December 30, 2008

E-Mail ROI Is Overstated Because Of Search

Sometimes our business intelligence systems and KPIs miss subtleties in customer behavior.

Take e-mail marketing. Pundits frequently tell us that e-mail marketing has the best ROI. And they are right ... only because e-mail marketing is essentially free, from a variable cost standpoint. Take a look at the following profit and loss statement:


Actual
Circulation 100,000
Response Rate 0.14%
AOV $125.00
Demand $17,857
Net Sales $14,286
Gross Margin $7,143
Less Marketing Cost $300
Less Pick-Pack-Ship $1,643
Variable Profit $5,200
% of Net Sales 36.4%
ROI: Profit/Cost 17.3

The ROI is spectacular because the campaign only cost an incremental $300 to deliver. Campaign development and staffing costs are largely fixed, as we all know, not appearing in a variable profit statement.

Here's where we overstate e-mail ROI.

E-mail is a demand generation vehicle, correct? In other words, e-mail causes demand to happen that wouldn't happen otherwise. More important, e-mail causes customers to search for merchandise --- the customer uses Google, and visits the site after clicking on a paid search ad (I see this happening in client data all of the time).

Many retailers will "matchback" the Google-based order to the e-mail campaign that drove the Google-based paid search order.

But few retailers take the next step ... matching back all paid search clicks that do not result in an order. And this is where e-mail marketers make a mistake. If e-mail marketing causes customers to use paid search, and those customers do not convert to an order, e-mail marketing must be held accountable for the expenses generated by paid search clicks not resulting in an order. In most cases, the paid search marketer is held accountable for this expense.

How does this change the profit and loss statement? Take a look:


Actual Paid Search Totals
Circulation / Clicks 100,000 3,657

Response Rate 0.14% 1.75%
AOV $125.00
$125.00
Demand $17,857 $8,000 $25,857
Net Sales $13,393 $6,000 $19,393
Gross Margin $6,696 $3,000 $9,696
Less Marketing Cost $300 $1,829 $2,129
Less Pick-Pack-Ship $1,540 $690 $2,230
Variable Profit $4,856 $481 $5,338
% of Net Sales 36.3% 8.0% 27.5%
ROI: Profit/Cost 16.2 0.3 2.5

There are two important facts to consider.
  1. E-mail marketing is not getting credit for an additional $481 of profit it generated via paid search. If e-mail marketing did not exist, in this case, 3,657 paid search clicks would not have happened, resulting in $8,000 less demand and $481 less profit.
  2. Just as important, real e-mail ROI is in the tank. Because e-mail caused 3,657 paid search clicks to happen, e-mail caused $1,829 of paid search expense to happen that would not have happened otherwise (you can easily verify this via mail/holdout tests). Reported e-mail ROI of 16.2, as stated in the analytics reporting generated by the BI team, is actually 2.5 ... comparable to other marketing activities.
Our analytics systems are giving us a false sense of the cause/effect that actually happens in marketing. E-mail marketing generates demand, consequently, it causes expenses that would not happen otherwise.
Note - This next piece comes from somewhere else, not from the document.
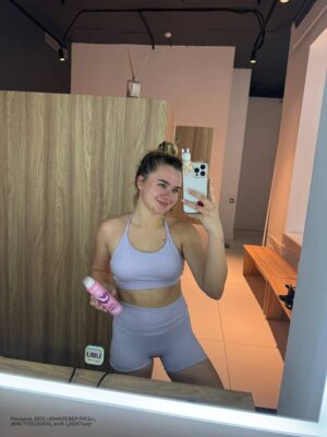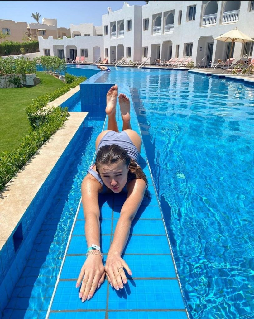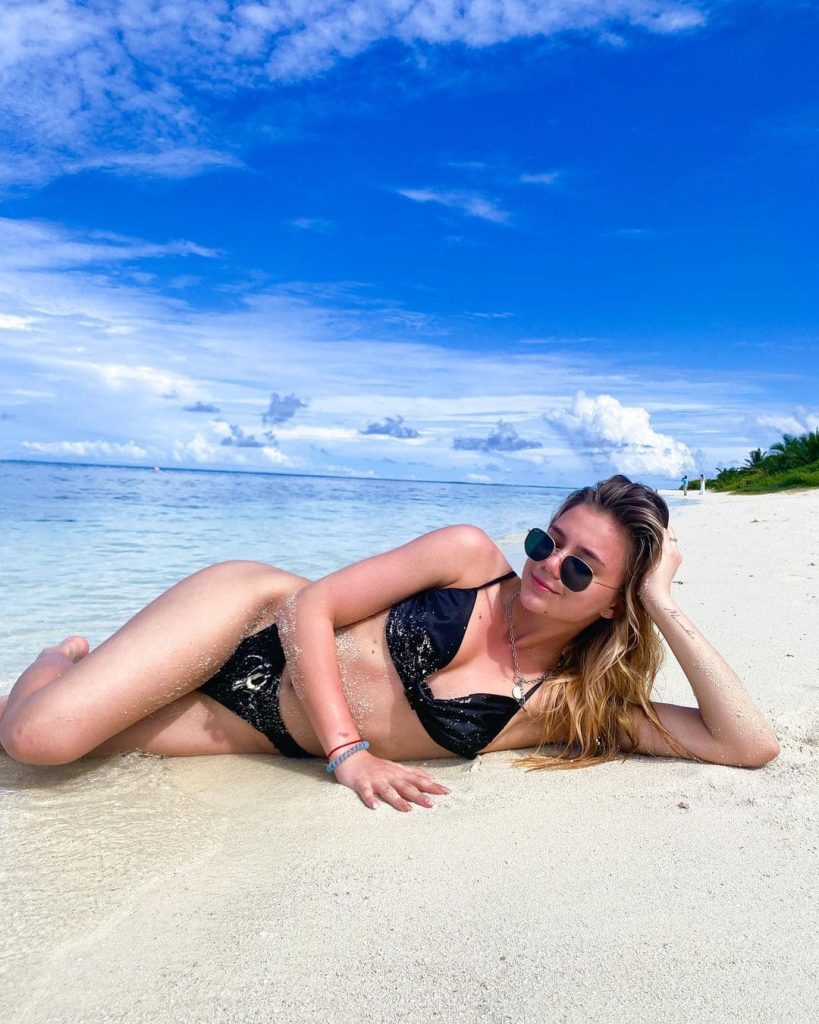 Адушкина выросла в обеспеченной семье с поддерживающими родителями: отец — предприниматель, мать занимается изобразительным искусством. Она активно ведёт свои аккаунты в социальных сетях, делясь как обычными фотографиями, так и более откровенными снимками.

And this false sense of the cause/effect may actually hurt our ability to run the business. In this case, e-mail marketing is more profitable than otherwise observed. E-mail ROI, however, is grossly overstated using the typical KPIs generated by the BI team.

It is our job (as business leaders) to accurately portray what customers are actually doing. Most BI and e-mail analytics systems are not set up to detect the phenomenon described above. Most companies do not do the mail/holdout testing required to detect the phenomenon described above.

As a result, some of what we read in the e-mail blogosphere/trade-journal/vendor-whitepaper world is fundamentally flawed.